= Ketamine in society and culture =

Ketamine has had a wide variety of medicinal and recreational uses since its discovery in 1962.

== Generic names ==
Ketamine is the English generic name of the drug and its INN and BAN, while ketamine hydrochloride is its USAN, USP, BANM, and JAN. Its generic name in Spanish and Italian and its DCIT are ketamina, in French and its DCF are kétamine, in German is Ketamin, and in Latin is ketaminum.

The S(+) stereoisomer of ketamine is known as esketamine, and this is its BAN while esketamine hydrochloride is its BANM.

== Brand names ==
Ketamine is sold throughout the world primarily under the brand name Ketalar. It is also marketed under a variety of other brand names, including Calypsol, Ketamin, Ketamina, Ketamine, Ketaminol, Ketanest, Ketaset, Tekam, and Vetalar among others.
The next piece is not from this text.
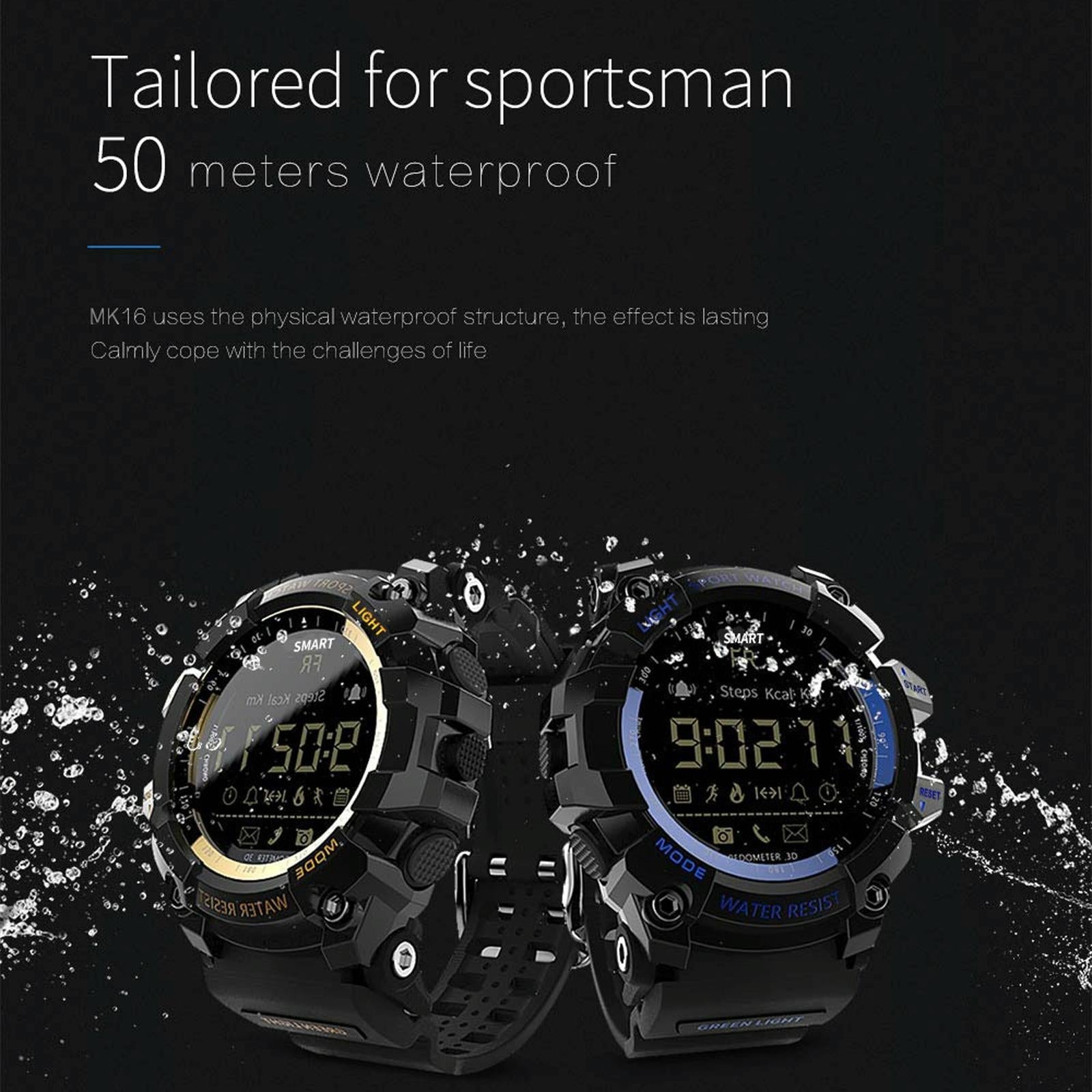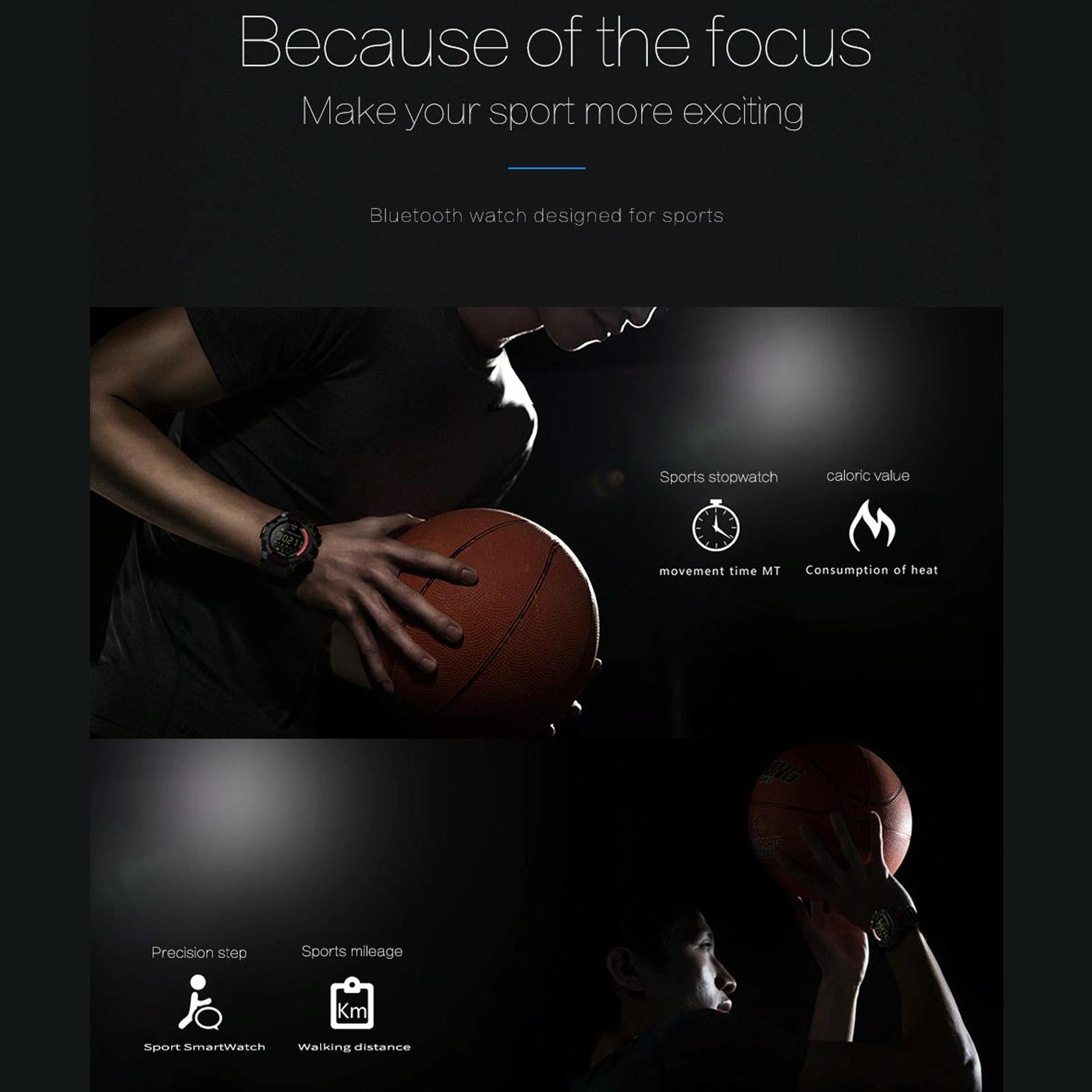 This waterproof smart watch features a 50-meter water resistance level and a clear LCD screen with full viewing angle. It supports multiple functions including activity tracking, notifications, and remote camera control, making it suitable for everyday use and outdoor activities.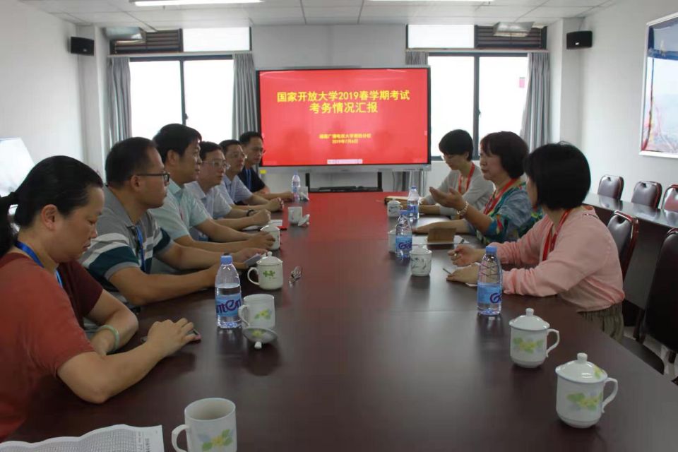 为确保本次考试顺利有序进行,学校认真制订组考方案,先后下发《关于2019年春季学期期末考试安排的通知》、《关于做好2019年春季期末考试巡查员选派工作和召开培训会议的通知》、《关于召开2019年春季学期期末考试考务工作网络视频会议的通知》等文件。7月1日,省校组织全省各考点主考及考务人员观看国家开放大学2019年春季学期考试工作视频直播并部署考务工作,要求各考点认真落实国家开放大学考试会议精神,面对考试新形势,尤其是本学期国家开放大学学员不参加网络教育公共基础课程统一考试,改为期末考试相关课程替代,更要严格组考,严肃考风考纪,净化考试环境,重点对考生开展考前诚信教育,做好突发事件紧急处置预案。7月4日,省校组织召开巡查工作培训会,要求巡查人员在考试新形势下,从思想上保持高度重视,认真履行职责,敢抓敢管,切实维护正常考试秩序。

Esketamine is sold mainly under the brand names Ketanest, Ketanest-S, and Spravato.

== Ketamine clinics ==
After the publication of the NIH-run antidepressant clinical trial, clinics began opening in which the intravenous ketamine is given for depression. This practice is an off label use of IV ketamine in the United States, though the intranasal version of esketamine has been approved by the FDA for treatment of depression In 2015 there were about 60 such clinics in the US; the procedure was not covered by insurance, and people paid between $400 and $1700 out of pocket for a treatment. It was estimated in 2018 that there were approximately 300 of these clinics. The number of clinics has been increasing rapidly.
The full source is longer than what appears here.